I felt my knees buckle. No, no, no! It couldn’t be true.
And then I said out loud, “No, not the two of them. There must be some mistake. It can’t be. Not both of them, Danny and Dennis a day apart. Maybe they got their names confused with someone else. Oh no God. How could this be?”
One of the secretaries looked up.
“It’s true, Mr. Bilotti. Mr. O’Connell is over at the Murphy home right now,” and she turned around, her shoulders shaking gently as she cried into a tissue.
It was so typical of Walter G. He had received word the day before of the death of his own son, and yet he put aside his own feelings to console the family of Dennis Murphy, another fallen Marine.
Although Danny had been killed a day after Dennis was killed, Danny’s body came home first. As I viewed Danny’s body I couldn’t help but think how fresh and alive he appeared to be, almost as if he was sleeping under his plexiglass covered casket. The Marine honor guard stood by Danny’s coffin as throngs of people came to pay their last respects.
I don’t know from where he got his strength, or how he kept his composure, but Danny was eulogized by his father at his funeral Mass.
And then Dennis’ body came home, and as with his Danny, the Marine Corps honor guard stood by the young Marine’s coffin.
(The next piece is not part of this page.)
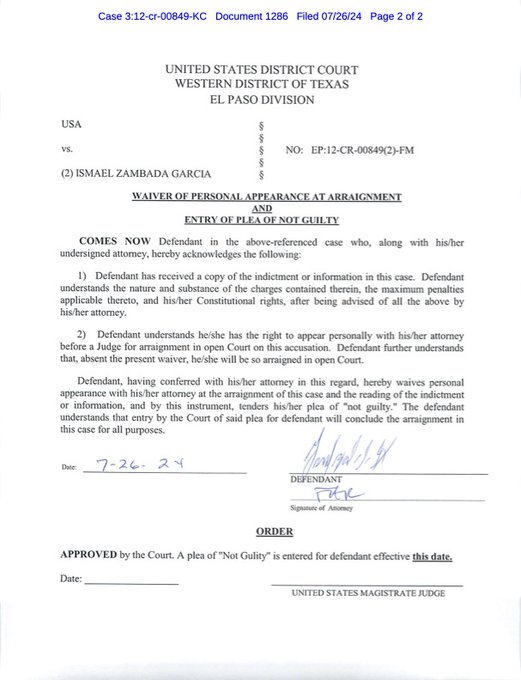 Detenido el 25 de Julio, rechazó estar presente en la audiencia en la Corte del Distrito Oeste de Texas, pero a través de su representación legal conoció las acusaciones en su contra y se declaró “no culpable”.

Dennis like Danny wore his Marine Corps Blues. The top of Dennis’ head was covered with a bandage, and he as with Danny, was under plexiglass.
I didn’t learn as much about the facts of Dennis’ death as I did about Danny’s. What I did learn was that Dennis had been wounded already in combat but he insisted on going back to join his fellow Marines while he tried to get into Danny’s unit. He was killed by small arms fire and received the Silver Star for bravery in action against the North Vietnamese. Dennis Gerard Murphy, as was Daniel Gerard O’Connell, five months short of his nineteenth birthday.
The two Marines are buried close to one another in Suffolk County, and their names are located close to each other on the Viet Nam War Memorial Wall in Washington, D.C.
Daniel Gerard O’Connell. Panel W. 22, Line 92.
Dennis Gerard Murphy. Panel W. 22, Line 79.
The small town of Copiague and of Copiague High School sent many of their young men to fight for their country in Viet Nam. Walter G. O’Connell and his wife, Mary’s contribution to the nation that they loved went above and beyond what was asked of most Americans. Their oldest son, Walter, served in the Air Force, and their son, Francis, joined the Marines after he learned of his older brother Danny’s death. Francis, like his brother, Daniel, also served in combat in Viet Nam. A total of five young men from the tiny hamlet of Copiague made the supreme sacrifice.